#### ASSIGNMENT
In the records below, begin at the line that has "Een blikvanger deze" and stop after the line that has "flocons d’avoine, graine"; quote those lines verbatim and nothing more.

#### SUPPLIED MATERIAL
=== Begin Enclosure ===

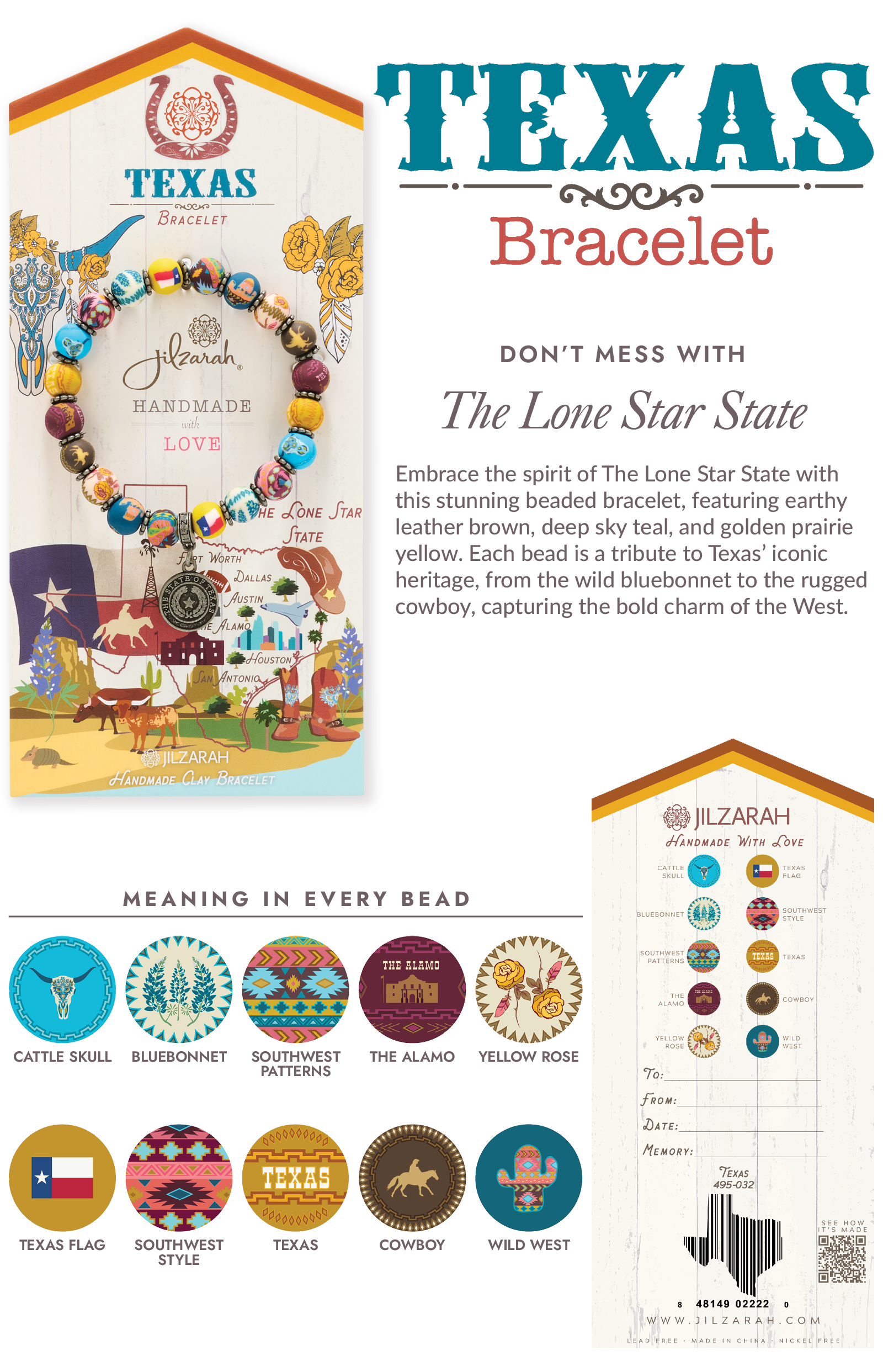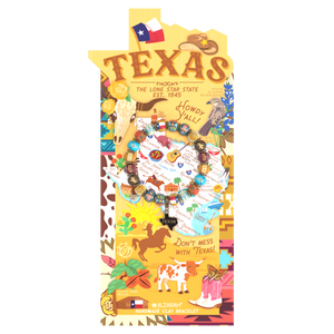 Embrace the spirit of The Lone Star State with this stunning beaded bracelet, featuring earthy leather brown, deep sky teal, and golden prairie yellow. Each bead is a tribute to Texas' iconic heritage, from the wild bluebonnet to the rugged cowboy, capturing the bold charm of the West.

=== End Enclosure ===
=== Begin Enclosure ===

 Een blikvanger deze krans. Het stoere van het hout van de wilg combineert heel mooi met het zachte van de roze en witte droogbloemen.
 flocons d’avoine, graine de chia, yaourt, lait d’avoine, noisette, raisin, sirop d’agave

=== End Enclosure ===

#### OUTPUT OF THE EXERCISE
 Een blikvanger deze krans. Het stoere van het hout van de wilg combineert heel mooi met het zachte van de roze en witte droogbloemen.
 flocons d’avoine, graine de chia, yaourt, lait d’avoine, noisette, raisin, sirop d’agave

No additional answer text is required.